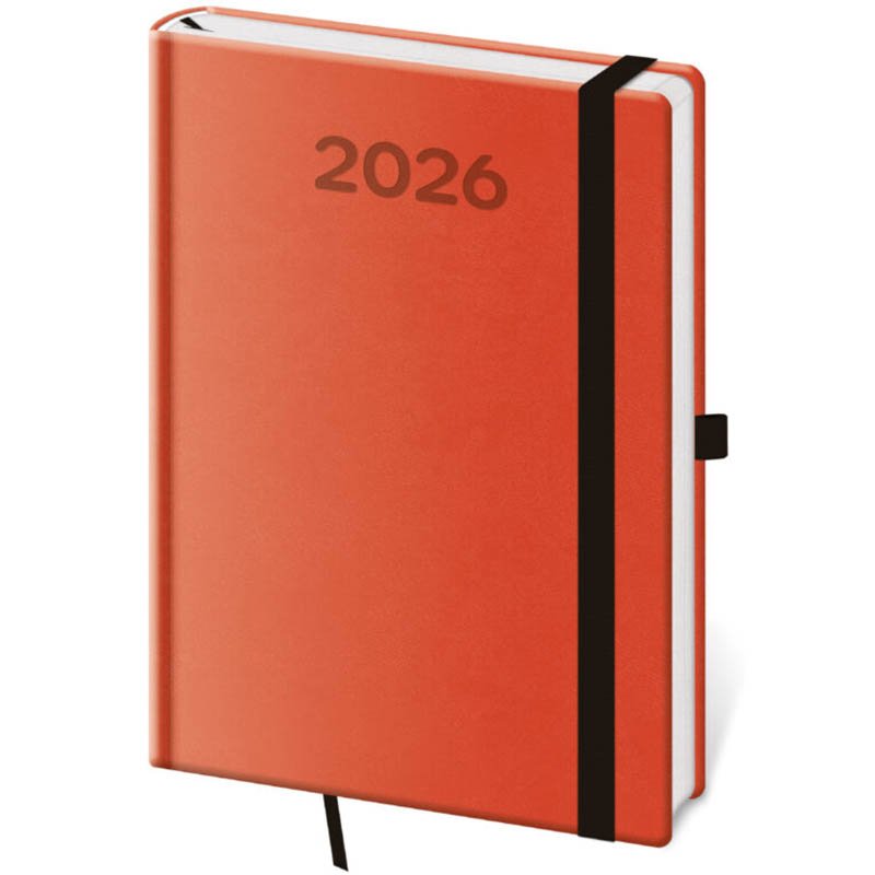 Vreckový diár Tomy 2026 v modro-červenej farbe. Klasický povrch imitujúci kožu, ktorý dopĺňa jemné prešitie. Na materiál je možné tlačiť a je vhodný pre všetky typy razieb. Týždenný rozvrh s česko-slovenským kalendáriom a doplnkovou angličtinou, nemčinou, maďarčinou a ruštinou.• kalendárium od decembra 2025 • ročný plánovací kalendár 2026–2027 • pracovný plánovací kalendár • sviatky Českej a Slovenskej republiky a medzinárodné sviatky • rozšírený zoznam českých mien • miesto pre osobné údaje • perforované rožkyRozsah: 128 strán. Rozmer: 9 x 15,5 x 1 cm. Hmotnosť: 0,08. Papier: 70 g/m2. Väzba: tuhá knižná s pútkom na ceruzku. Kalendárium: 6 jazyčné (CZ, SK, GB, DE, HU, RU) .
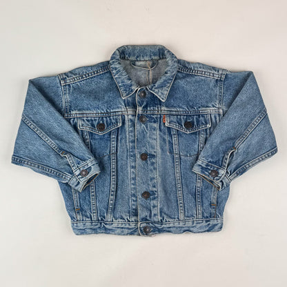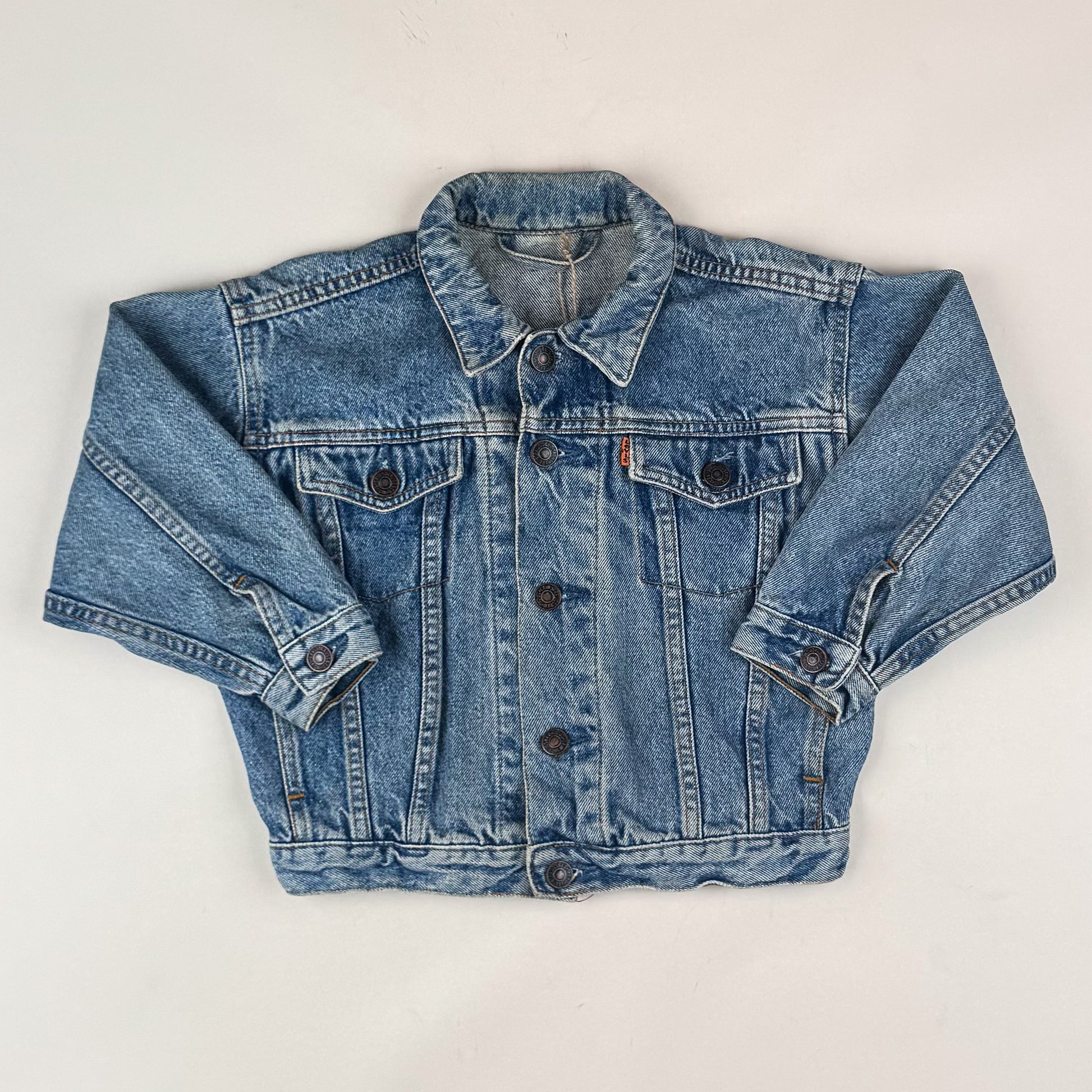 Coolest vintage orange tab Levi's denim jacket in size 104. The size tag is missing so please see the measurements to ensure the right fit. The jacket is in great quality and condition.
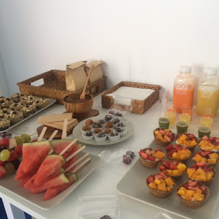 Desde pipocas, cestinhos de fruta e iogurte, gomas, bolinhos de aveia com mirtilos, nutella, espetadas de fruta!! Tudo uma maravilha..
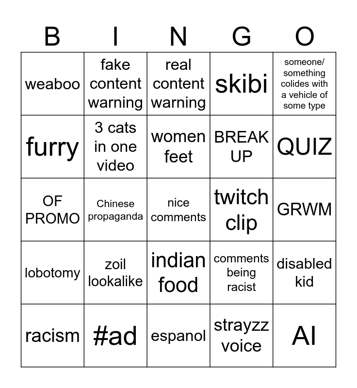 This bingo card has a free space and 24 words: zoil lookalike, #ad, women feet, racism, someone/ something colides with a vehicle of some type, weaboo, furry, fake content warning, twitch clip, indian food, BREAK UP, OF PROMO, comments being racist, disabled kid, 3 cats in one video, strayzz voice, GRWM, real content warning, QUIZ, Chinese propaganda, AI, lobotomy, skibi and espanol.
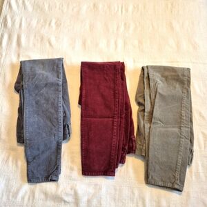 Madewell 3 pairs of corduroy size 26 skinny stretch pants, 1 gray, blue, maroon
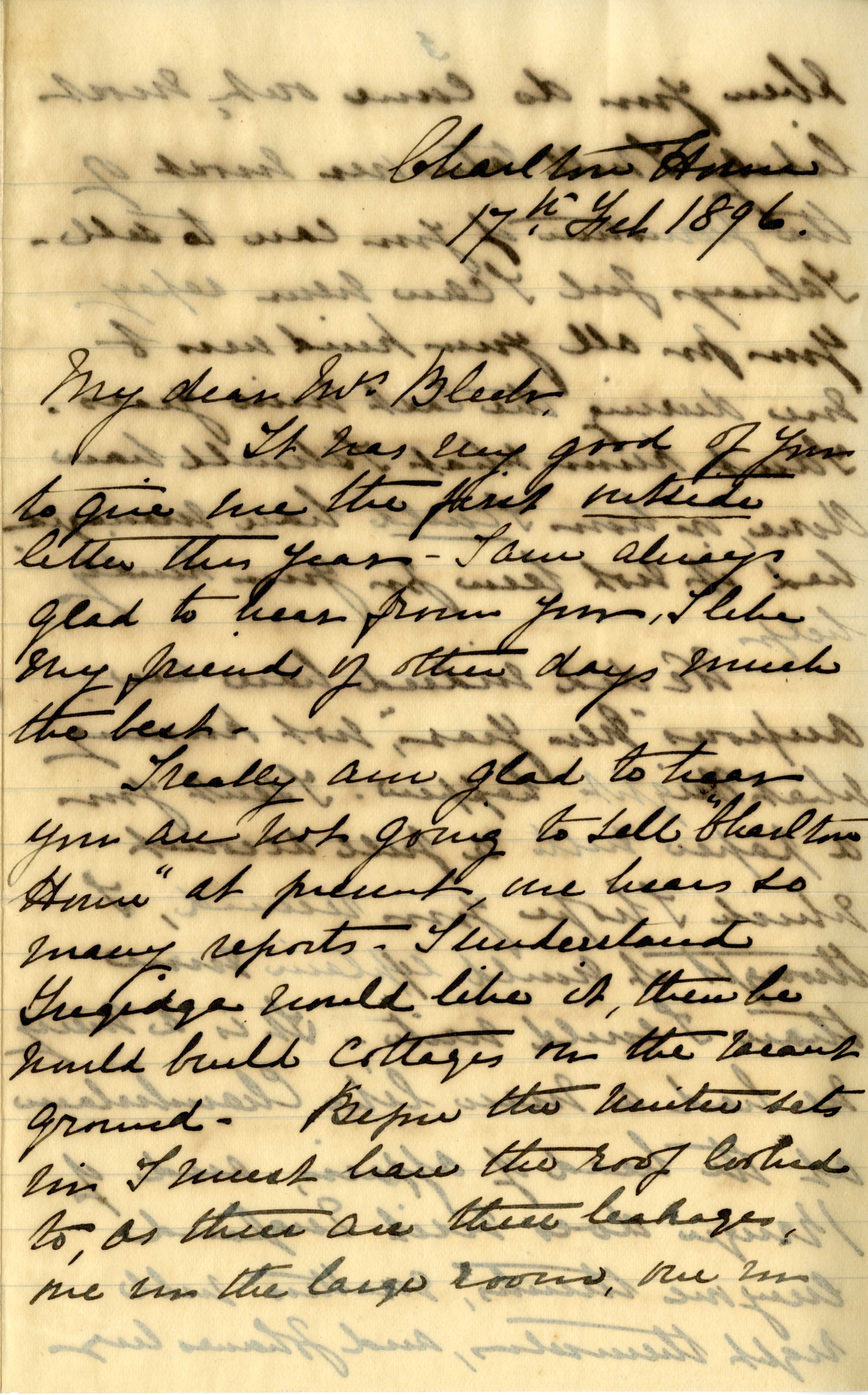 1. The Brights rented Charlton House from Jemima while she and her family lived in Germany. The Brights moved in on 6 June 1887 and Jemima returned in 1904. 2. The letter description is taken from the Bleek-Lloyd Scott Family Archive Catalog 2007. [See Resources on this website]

---

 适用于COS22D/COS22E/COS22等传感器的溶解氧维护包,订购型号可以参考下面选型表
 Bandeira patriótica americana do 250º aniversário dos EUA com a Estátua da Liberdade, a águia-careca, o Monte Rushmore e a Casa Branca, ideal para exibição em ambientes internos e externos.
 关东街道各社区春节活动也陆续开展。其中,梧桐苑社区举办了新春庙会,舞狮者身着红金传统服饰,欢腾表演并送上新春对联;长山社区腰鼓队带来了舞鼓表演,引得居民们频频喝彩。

...

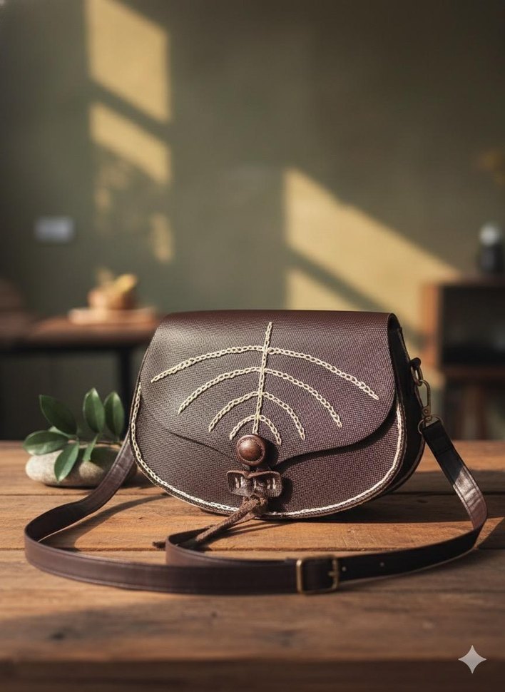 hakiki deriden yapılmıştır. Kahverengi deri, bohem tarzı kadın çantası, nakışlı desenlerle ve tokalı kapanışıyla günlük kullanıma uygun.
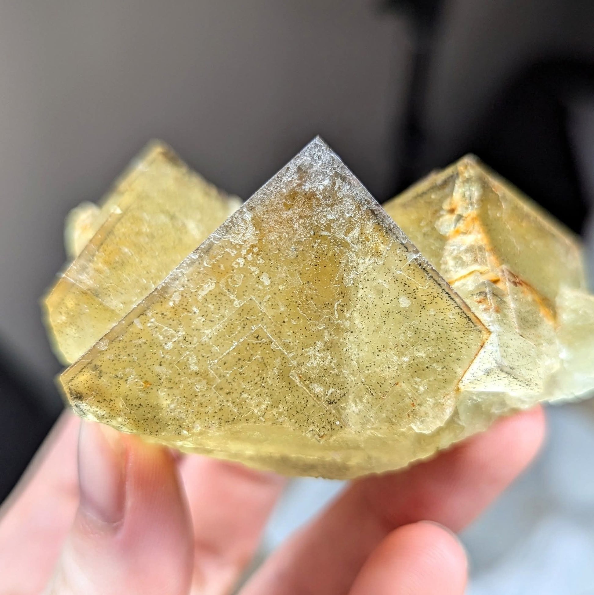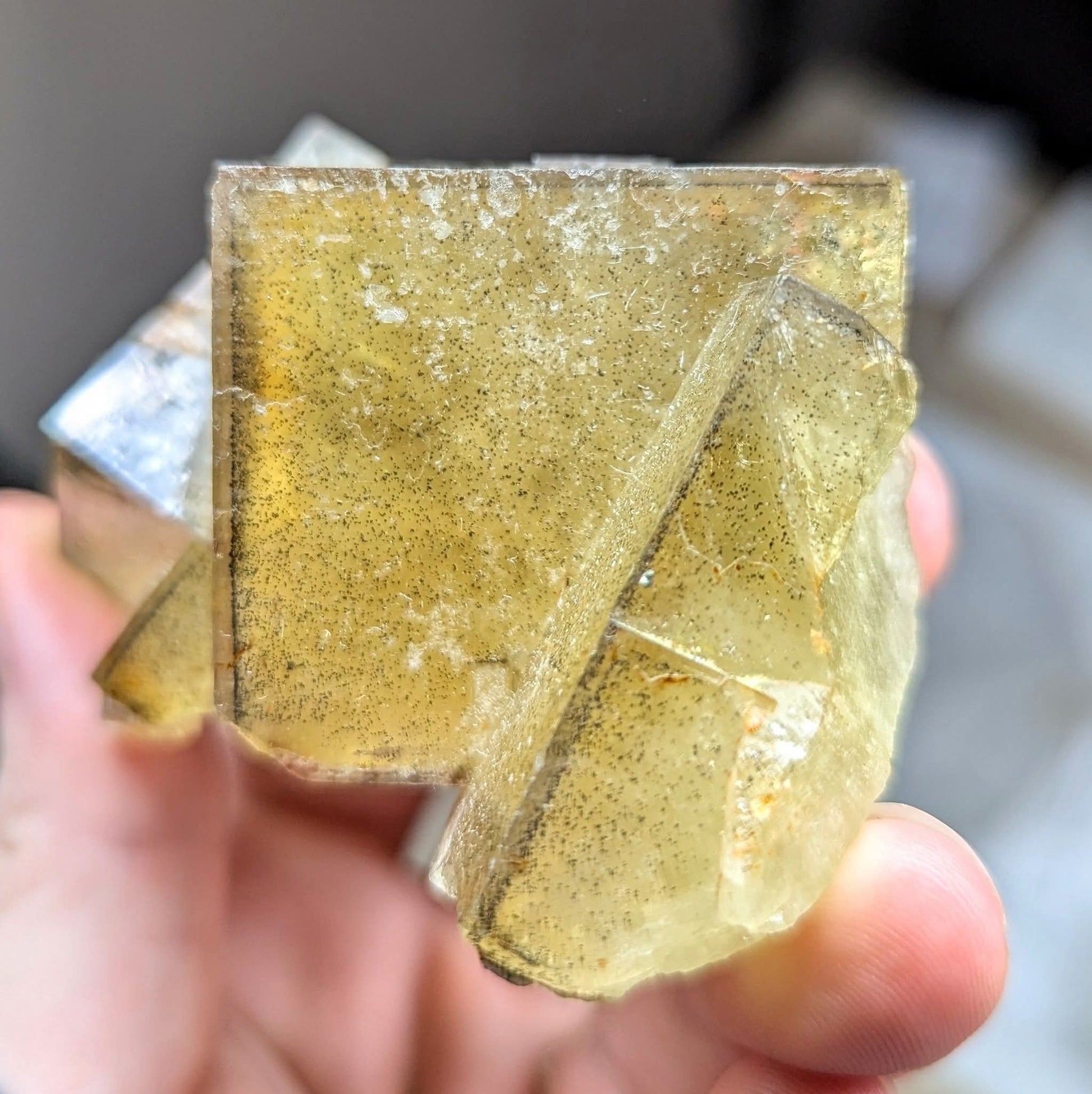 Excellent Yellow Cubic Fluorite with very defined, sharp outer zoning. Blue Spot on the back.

__Exercise directions__:
Repeat exactly the stretch of the listing above that starts with the line holding "hakiki deriden yapılmıştır." and finishes with the line holding "Excellent Yellow Cubic", both included. Skip every picture.

__Final answer__:
 hakiki deriden yapılmıştır. Kahverengi deri, bohem tarzı kadın çantası, nakışlı desenlerle ve tokalı kapanışıyla günlük kullanıma uygun.
 Excellent Yellow Cubic Fluorite with very defined, sharp outer zoning. Blue Spot on the back.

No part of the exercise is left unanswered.